#### Data provided
....................

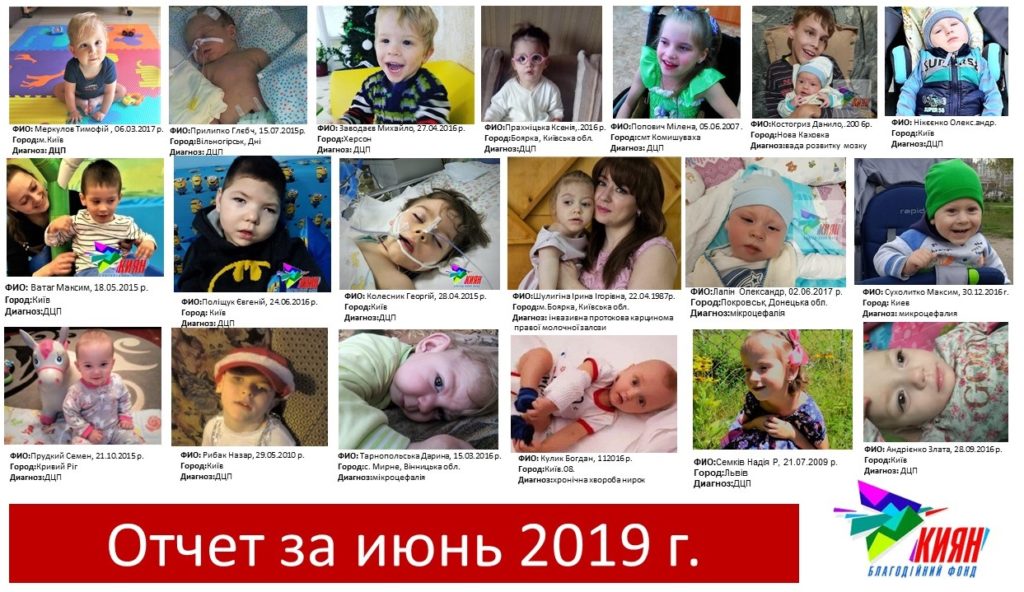 На фото все подопечные БФ КИЯН, кому помогли в ИЮНЕ 2019 г. на сумму 352 776,65грн.
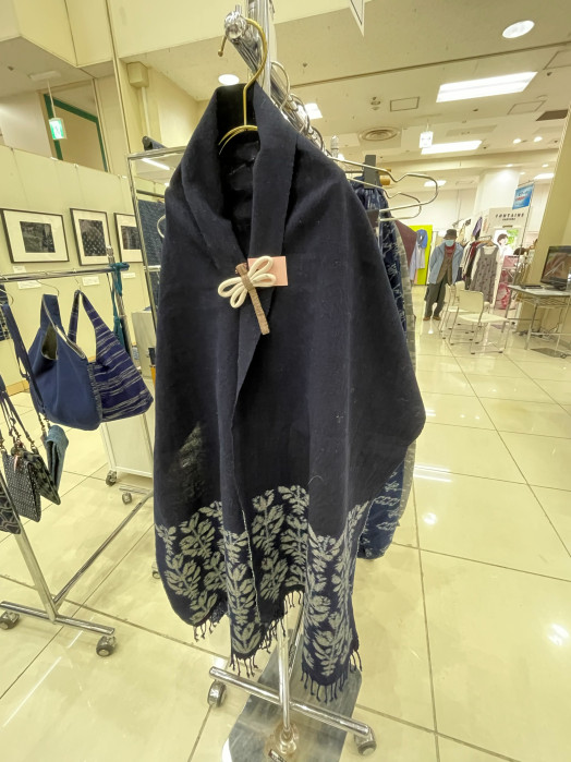 ご自分で仕立てられたそうです。現代的なデザインにも絣がマッチするというお手本ですね。こんなコーディネイトができる大人って魅力的です!
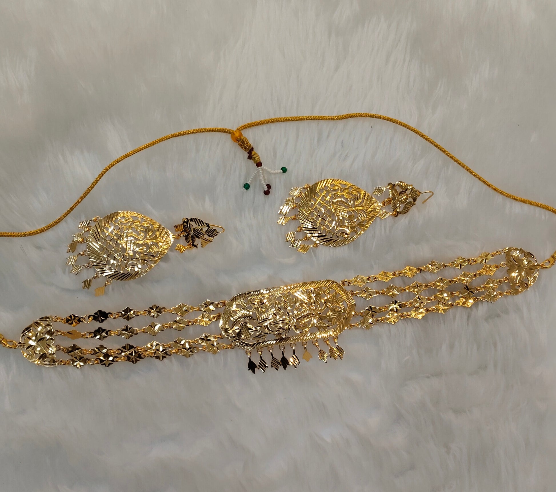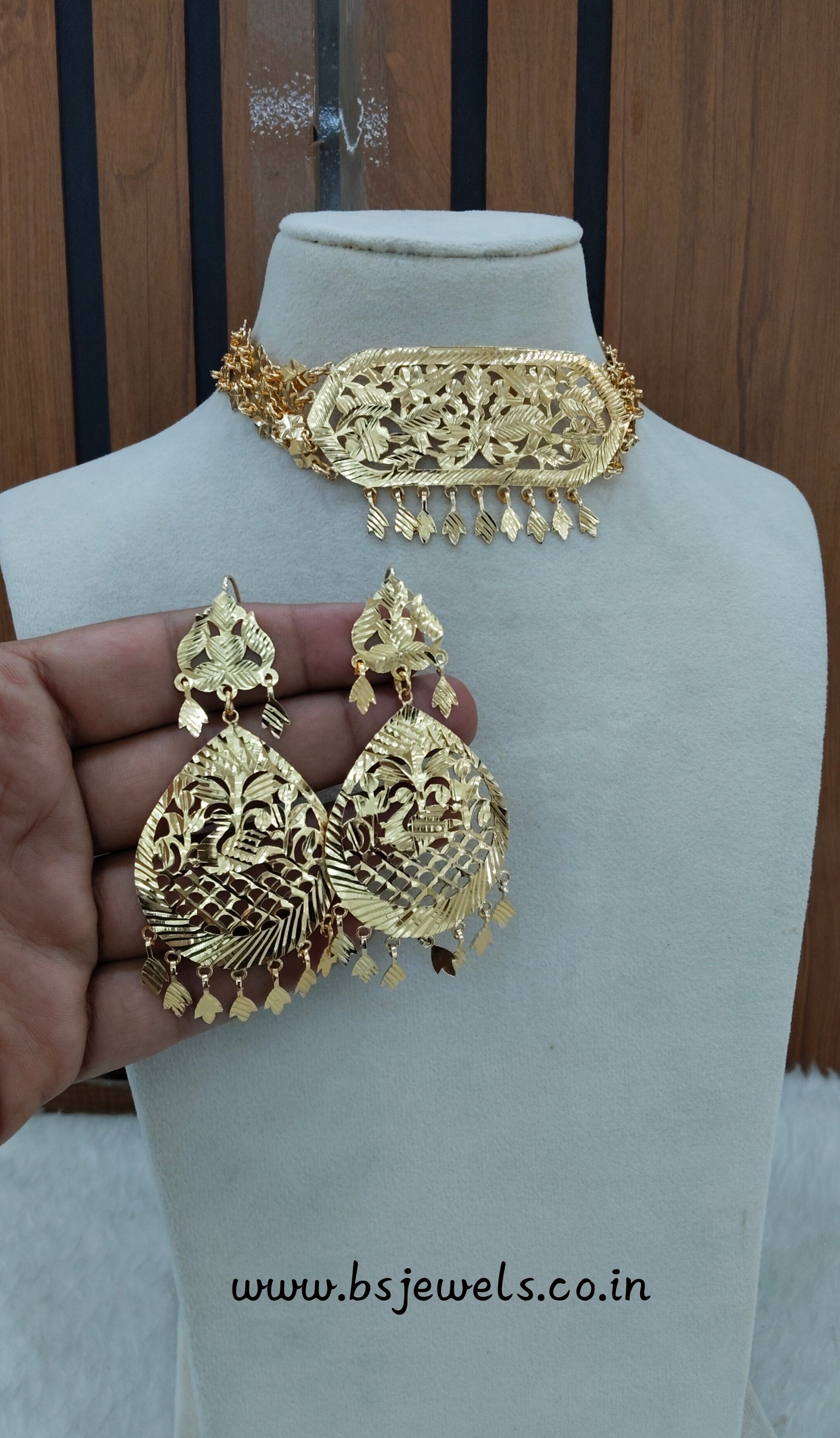 Gold Jadau Punjabi Style Patra Choker Jewellery Sultan Set

....................

Apart from its pictures, the material above should be repeated exactly.

#### Solution to the problem
 На фото все подопечные БФ КИЯН, кому помогли в ИЮНЕ 2019 г. на сумму 352 776,65грн.
 ご自分で仕立てられたそうです。現代的なデザインにも絣がマッチするというお手本ですね。こんなコーディネイトができる大人って魅力的です!
 Gold Jadau Punjabi Style Patra Choker Jewellery Sultan Set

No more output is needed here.